There are two immediate benefits that come to mind, first, this spectacle has reminded people how hapless/complicit that Joe Biden was in the confirmation hearings of Clarence Thomas 25 years ago:
In the past week, it’s been hard to flip on cable news without hearing the name Anita Hill. And that’s not good for Joe Biden, who’s thinking of running for president in 2020.
“This is going to educate who is under the age of 35 and may not have grown up knowing Joe Biden’s role in all of this,” said a Democratic strategist who requested anonymity to speak candidly.
It’s been 27 years since the law professor electrified the nation with her testimony about the sexual harassment she faced from Clarence Thomas, who was then up for confirmation to the Supreme Court.
That hearing was widely considered a disaster, a textbook case of how not to treat a woman who comes forward. Republican senators went after Hill and tried to make her seem like a liar, a mentally ill person and a spiteful jilted lover. But Democrats held the majority at the time, and Biden, then a senator from Delaware, was the chairman of Senate Judiciary Committee and, more than anyone else, could determine the direction and parameters of the discussion.
………This is good because if 2016 taught us anything, it is that septuagenarian defenders of the status quo are not good news for the party or the country.
In 1991, most significantly, Biden did not call three other witnesses to testify who could have strengthened Hill’s allegations. But in other ways, too, Hill said she felt like she was left out to dry, without an ally on the committee.
“Most evident from the televised Judiciary Committee hearings was the fact that I sat in that hearing room without a patron on the panel. That image still resonates,” she wrote in a 1995 essay.
From the beginning, Biden said he recognized that Hill’s allegations against Thomas were “a giant incendiary bomb.” But he didn’t act like they were, according to Jane Mayer and Jill Abramson, who wrote Strange Justice, a thorough book about the Thomas confirmation battle.
Even if you want a centrist squish, it's clear that we need someone who can credibly present themselves as an agent of change.

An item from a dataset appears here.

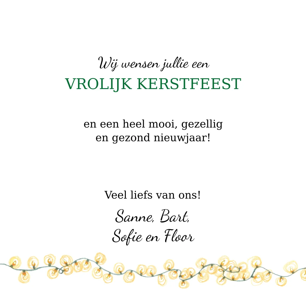 Lieve geïllustreerde kerstkaart van een eekhoorn met kerstlampjes

The other good news is that Susan Collins has finally been forced to reveal that her moderation is a myth, because when the vote is important and close, she will always vote with Republicans:
It would be a very good thing if this ended her career.The campaign has also substantially weakened Collins. Recent polling from Public Policy Polling puts Collins’ approval underwater (35 percent approve, 48 percent disapprove) and finds that 48 percent of Mainers are opposed to confirming Kavanaugh. Even more importantly, the polling finds that 53 percent of Mainers say that Collins’ handling of the Kavanaugh nomination has made them view her less favorably, while only 19 percent view her more favorably. Last year, the same pollster found her at 59 percent approval and 34 percent disapproval. Just this week, Wall Street Journal polling suggests that support for Kavanaugh’s nomination has slipped dramatically, with 38 percent of registered voters opposing his nomination, a surge from 29 percent opposed a month ago (only 34 percent support him, with the remaining 28 percent undecided). Among women, 28 percent favor the nomination and 42 percent oppose.